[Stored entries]
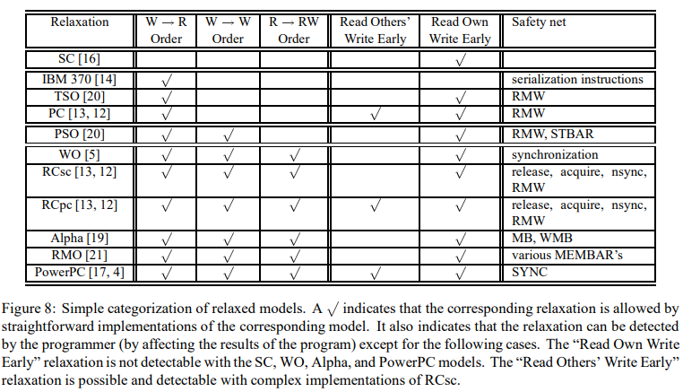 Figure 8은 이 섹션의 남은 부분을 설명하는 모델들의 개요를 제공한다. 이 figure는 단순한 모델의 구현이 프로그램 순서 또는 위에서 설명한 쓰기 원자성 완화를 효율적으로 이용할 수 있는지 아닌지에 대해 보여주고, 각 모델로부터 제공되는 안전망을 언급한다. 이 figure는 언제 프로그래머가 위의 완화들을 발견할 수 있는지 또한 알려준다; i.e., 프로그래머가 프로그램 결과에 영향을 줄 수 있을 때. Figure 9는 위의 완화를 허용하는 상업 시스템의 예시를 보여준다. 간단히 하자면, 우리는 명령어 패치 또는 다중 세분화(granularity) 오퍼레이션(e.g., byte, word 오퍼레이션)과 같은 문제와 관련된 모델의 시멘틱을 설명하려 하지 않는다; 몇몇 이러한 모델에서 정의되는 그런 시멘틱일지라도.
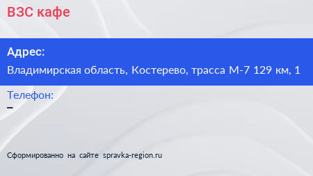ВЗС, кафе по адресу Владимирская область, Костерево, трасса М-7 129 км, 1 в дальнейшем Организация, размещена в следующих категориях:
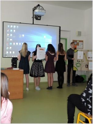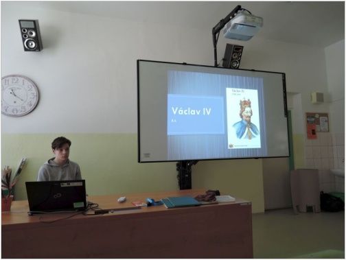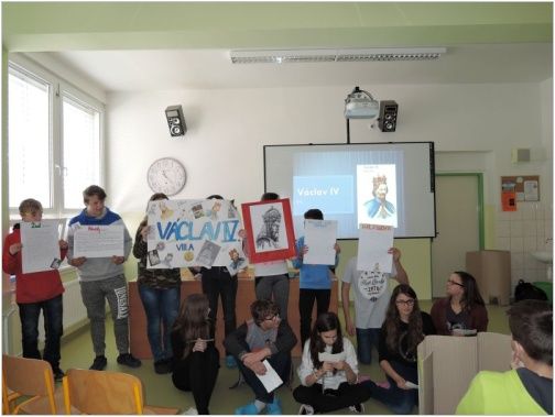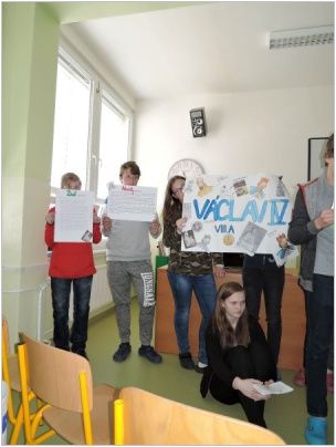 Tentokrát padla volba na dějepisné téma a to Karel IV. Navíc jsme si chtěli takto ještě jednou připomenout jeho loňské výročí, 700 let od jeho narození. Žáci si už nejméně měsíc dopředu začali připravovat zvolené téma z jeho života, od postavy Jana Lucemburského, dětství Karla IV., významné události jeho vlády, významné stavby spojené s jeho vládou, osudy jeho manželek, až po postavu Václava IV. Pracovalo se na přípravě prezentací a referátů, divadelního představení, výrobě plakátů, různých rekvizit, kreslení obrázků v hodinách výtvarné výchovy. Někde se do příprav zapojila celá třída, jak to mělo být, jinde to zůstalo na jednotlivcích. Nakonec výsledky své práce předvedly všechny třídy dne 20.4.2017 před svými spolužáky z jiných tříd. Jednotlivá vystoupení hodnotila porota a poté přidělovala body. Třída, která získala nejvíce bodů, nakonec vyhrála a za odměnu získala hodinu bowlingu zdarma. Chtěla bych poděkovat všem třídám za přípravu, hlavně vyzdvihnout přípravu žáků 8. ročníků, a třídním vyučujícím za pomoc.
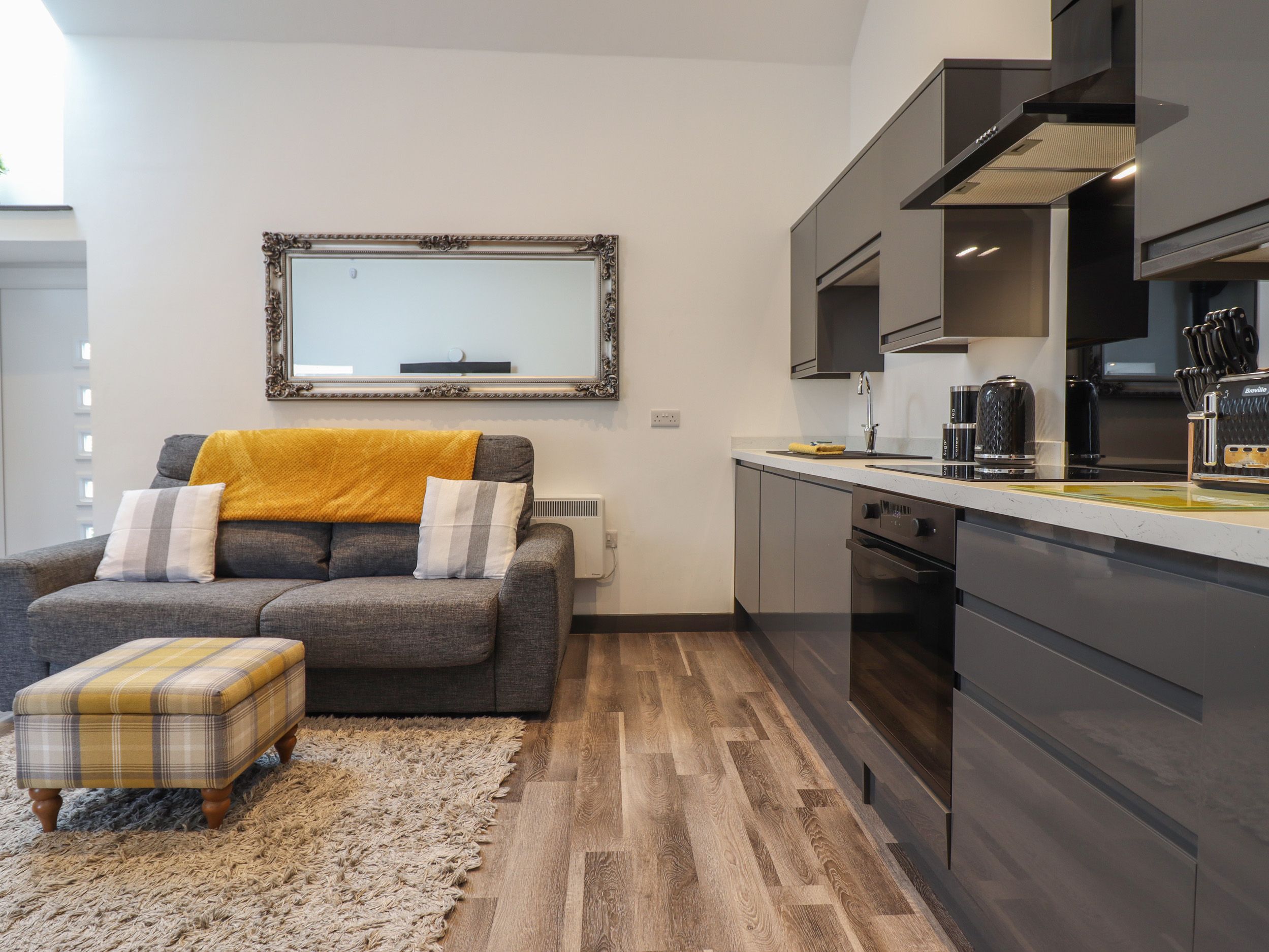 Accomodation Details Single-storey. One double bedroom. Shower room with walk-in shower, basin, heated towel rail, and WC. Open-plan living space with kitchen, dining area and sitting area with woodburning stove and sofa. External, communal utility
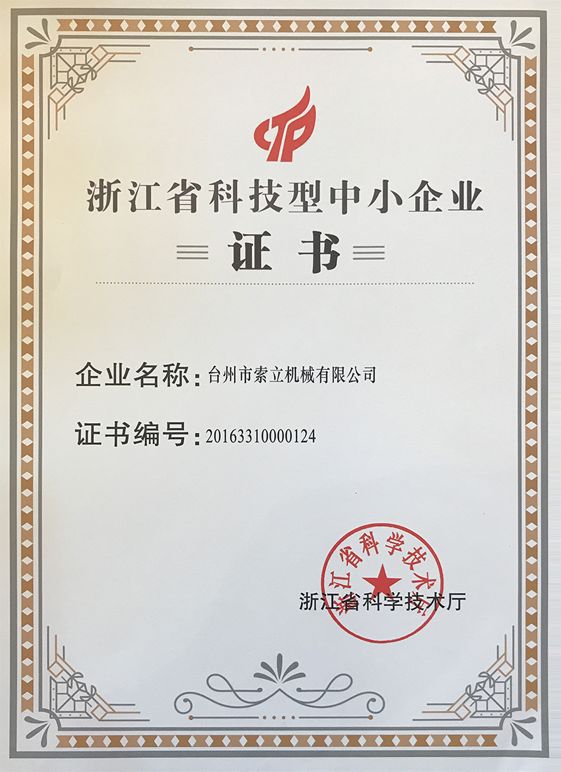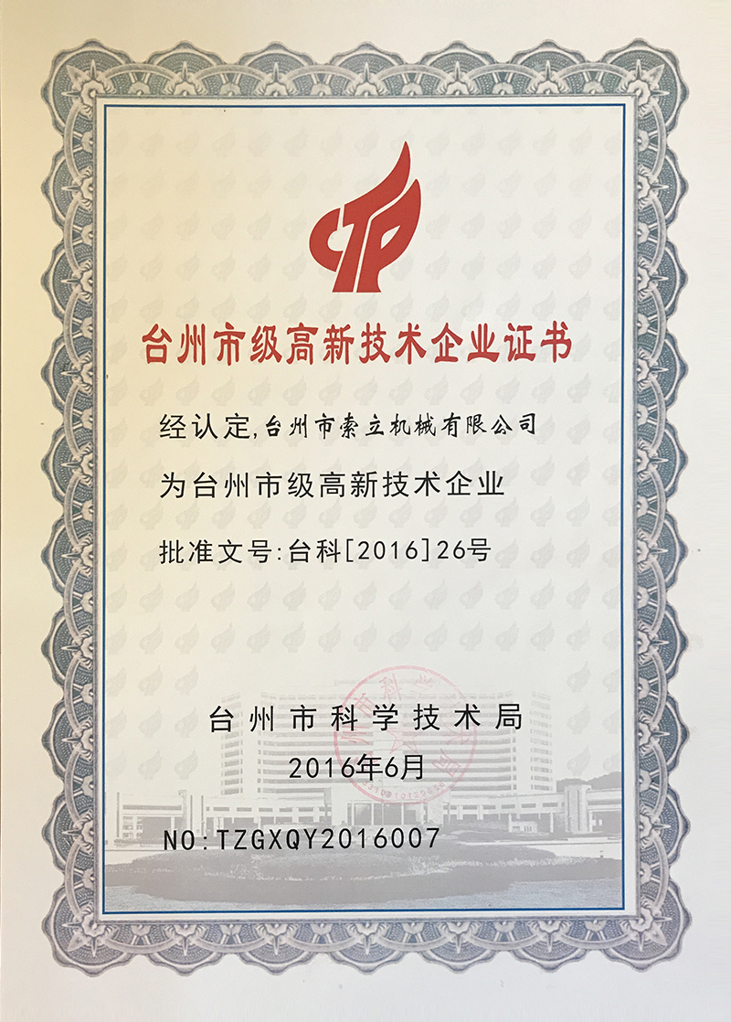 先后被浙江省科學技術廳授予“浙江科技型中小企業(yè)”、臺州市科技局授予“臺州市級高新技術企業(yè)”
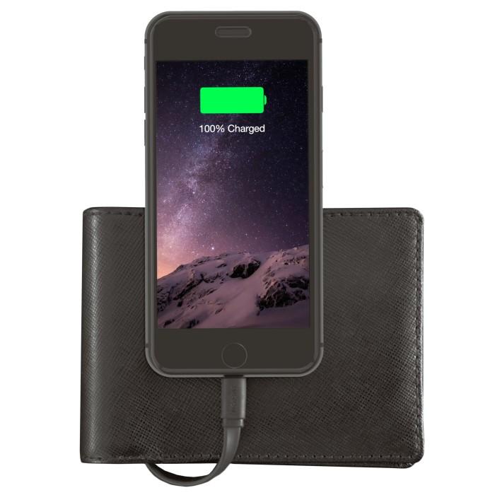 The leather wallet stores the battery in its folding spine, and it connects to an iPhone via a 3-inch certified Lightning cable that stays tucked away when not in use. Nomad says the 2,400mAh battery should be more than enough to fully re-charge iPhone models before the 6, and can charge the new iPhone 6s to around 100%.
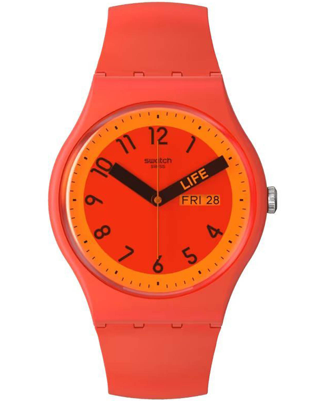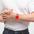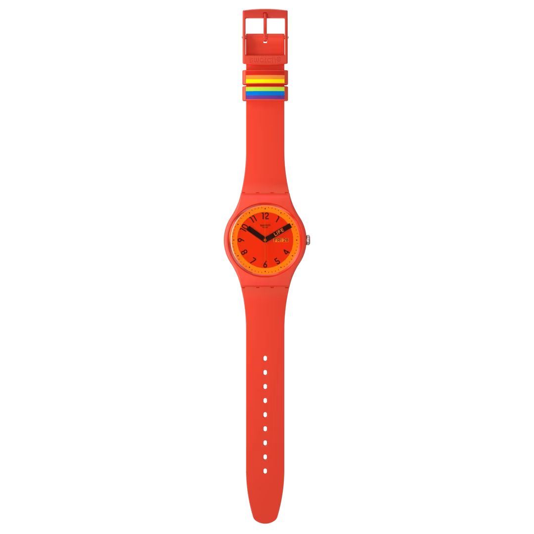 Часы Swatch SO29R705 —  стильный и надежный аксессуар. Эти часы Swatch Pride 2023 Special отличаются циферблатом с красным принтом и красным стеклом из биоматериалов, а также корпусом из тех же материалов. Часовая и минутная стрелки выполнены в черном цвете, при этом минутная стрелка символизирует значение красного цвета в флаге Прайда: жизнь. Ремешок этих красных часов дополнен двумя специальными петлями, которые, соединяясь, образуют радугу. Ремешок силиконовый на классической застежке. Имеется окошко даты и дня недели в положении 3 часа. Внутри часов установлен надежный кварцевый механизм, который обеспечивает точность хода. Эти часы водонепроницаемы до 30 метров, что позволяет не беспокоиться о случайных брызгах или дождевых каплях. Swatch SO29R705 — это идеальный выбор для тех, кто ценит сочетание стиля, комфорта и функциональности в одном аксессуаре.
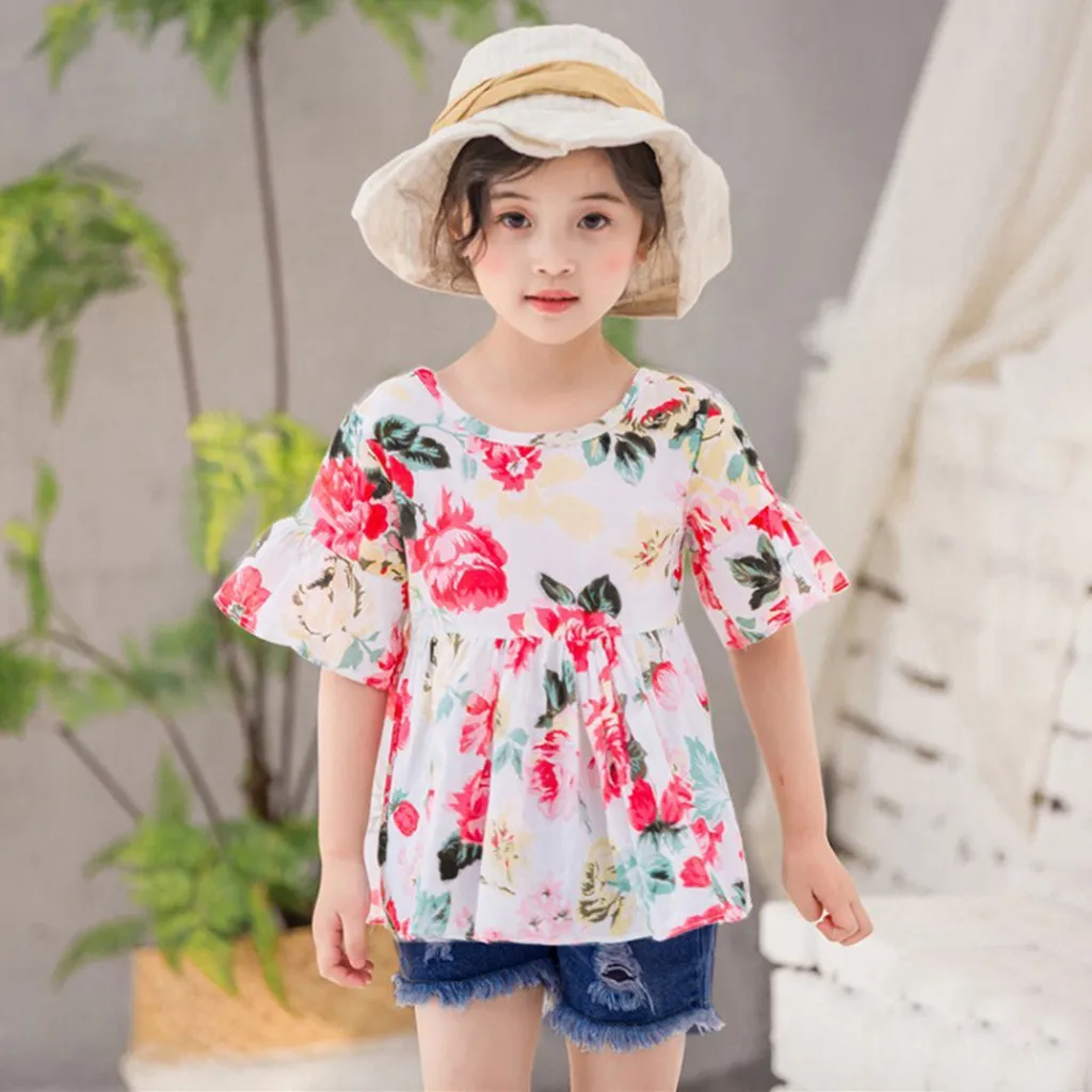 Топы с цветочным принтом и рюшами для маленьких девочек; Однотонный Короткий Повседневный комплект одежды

### Work instruction
The data above should be repeated exactly, minus any pictures.

### Exercise answer
 Figure 8은 이 섹션의 남은 부분을 설명하는 모델들의 개요를 제공한다. 이 figure는 단순한 모델의 구현이 프로그램 순서 또는 위에서 설명한 쓰기 원자성 완화를 효율적으로 이용할 수 있는지 아닌지에 대해 보여주고, 각 모델로부터 제공되는 안전망을 언급한다. 이 figure는 언제 프로그래머가 위의 완화들을 발견할 수 있는지 또한 알려준다; i.e., 프로그래머가 프로그램 결과에 영향을 줄 수 있을 때. Figure 9는 위의 완화를 허용하는 상업 시스템의 예시를 보여준다. 간단히 하자면, 우리는 명령어 패치 또는 다중 세분화(granularity) 오퍼레이션(e.g., byte, word 오퍼레이션)과 같은 문제와 관련된 모델의 시멘틱을 설명하려 하지 않는다; 몇몇 이러한 모델에서 정의되는 그런 시멘틱일지라도.
ВЗС, кафе по адресу Владимирская область, Костерево, трасса М-7 129 км, 1 в дальнейшем Организация, размещена в следующих категориях:
 Tentokrát padla volba na dějepisné téma a to Karel IV. Navíc jsme si chtěli takto ještě jednou připomenout jeho loňské výročí, 700 let od jeho narození. Žáci si už nejméně měsíc dopředu začali připravovat zvolené téma z jeho života, od postavy Jana Lucemburského, dětství Karla IV., významné události jeho vlády, významné stavby spojené s jeho vládou, osudy jeho manželek, až po postavu Václava IV. Pracovalo se na přípravě prezentací a referátů, divadelního představení, výrobě plakátů, různých rekvizit, kreslení obrázků v hodinách výtvarné výchovy. Někde se do příprav zapojila celá třída, jak to mělo být, jinde to zůstalo na jednotlivcích. Nakonec výsledky své práce předvedly všechny třídy dne 20.4.2017 před svými spolužáky z jiných tříd. Jednotlivá vystoupení hodnotila porota a poté přidělovala body. Třída, která získala nejvíce bodů, nakonec vyhrála a za odměnu získala hodinu bowlingu zdarma. Chtěla bych poděkovat všem třídám za přípravu, hlavně vyzdvihnout přípravu žáků 8. ročníků, a třídním vyučujícím za pomoc.
 Accomodation Details Single-storey. One double bedroom. Shower room with walk-in shower, basin, heated towel rail, and WC. Open-plan living space with kitchen, dining area and sitting area with woodburning stove and sofa. External, communal utility
 先后被浙江省科學技術廳授予“浙江科技型中小企業(yè)”、臺州市科技局授予“臺州市級高新技術企業(yè)”
 The leather wallet stores the battery in its folding spine, and it connects to an iPhone via a 3-inch certified Lightning cable that stays tucked away when not in use. Nomad says the 2,400mAh battery should be more than enough to fully re-charge iPhone models before the 6, and can charge the new iPhone 6s to around 100%.
 Часы Swatch SO29R705 —  стильный и надежный аксессуар. Эти часы Swatch Pride 2023 Special отличаются циферблатом с красным принтом и красным стеклом из биоматериалов, а также корпусом из тех же материалов. Часовая и минутная стрелки выполнены в черном цвете, при этом минутная стрелка символизирует значение красного цвета в флаге Прайда: жизнь. Ремешок этих красных часов дополнен двумя специальными петлями, которые, соединяясь, образуют радугу. Ремешок силиконовый на классической застежке. Имеется окошко даты и дня недели в положении 3 часа. Внутри часов установлен надежный кварцевый механизм, который обеспечивает точность хода. Эти часы водонепроницаемы до 30 метров, что позволяет не беспокоиться о случайных брызгах или дождевых каплях. Swatch SO29R705 — это идеальный выбор для тех, кто ценит сочетание стиля, комфорта и функциональности в одном аксессуаре.
 Топы с цветочным принтом и рюшами для маленьких девочек; Однотонный Короткий Повседневный комплект одежды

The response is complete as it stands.